| Data for this exercise |
☆ ☆ ☆ ☆ ☆

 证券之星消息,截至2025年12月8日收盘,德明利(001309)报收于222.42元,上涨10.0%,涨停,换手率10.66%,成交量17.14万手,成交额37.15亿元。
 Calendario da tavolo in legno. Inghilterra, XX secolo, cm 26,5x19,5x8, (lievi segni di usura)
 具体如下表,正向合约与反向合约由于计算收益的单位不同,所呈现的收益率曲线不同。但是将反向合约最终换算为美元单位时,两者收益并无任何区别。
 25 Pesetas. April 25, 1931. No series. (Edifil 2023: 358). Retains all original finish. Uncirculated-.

☆ ☆ ☆ ☆ ☆

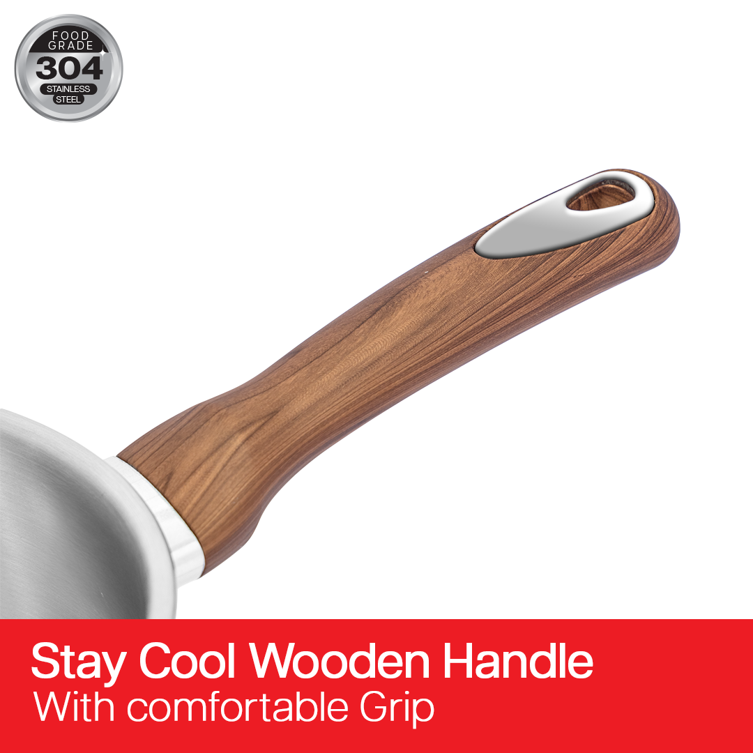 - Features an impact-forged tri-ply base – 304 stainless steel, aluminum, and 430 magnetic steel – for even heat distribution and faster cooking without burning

☆ ☆ ☆ ☆ ☆

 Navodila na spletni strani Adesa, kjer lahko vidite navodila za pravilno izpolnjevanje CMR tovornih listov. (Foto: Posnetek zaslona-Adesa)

☆ ☆ ☆ ☆ ☆

| Problem statement |
Above are some records; copy exactly the lines from the one with "证券之星消息,截至2025年" through the one with "具体如下表,正向合约与反向合", both included, and no others.

| Result for this exercise |
 证券之星消息,截至2025年12月8日收盘,德明利(001309)报收于222.42元,上涨10.0%,涨停,换手率10.66%,成交量17.14万手,成交额37.15亿元。
 Calendario da tavolo in legno. Inghilterra, XX secolo, cm 26,5x19,5x8, (lievi segni di usura)
 具体如下表,正向合约与反向合约由于计算收益的单位不同,所呈现的收益率曲线不同。但是将反向合约最终换算为美元单位时,两者收益并无任何区别。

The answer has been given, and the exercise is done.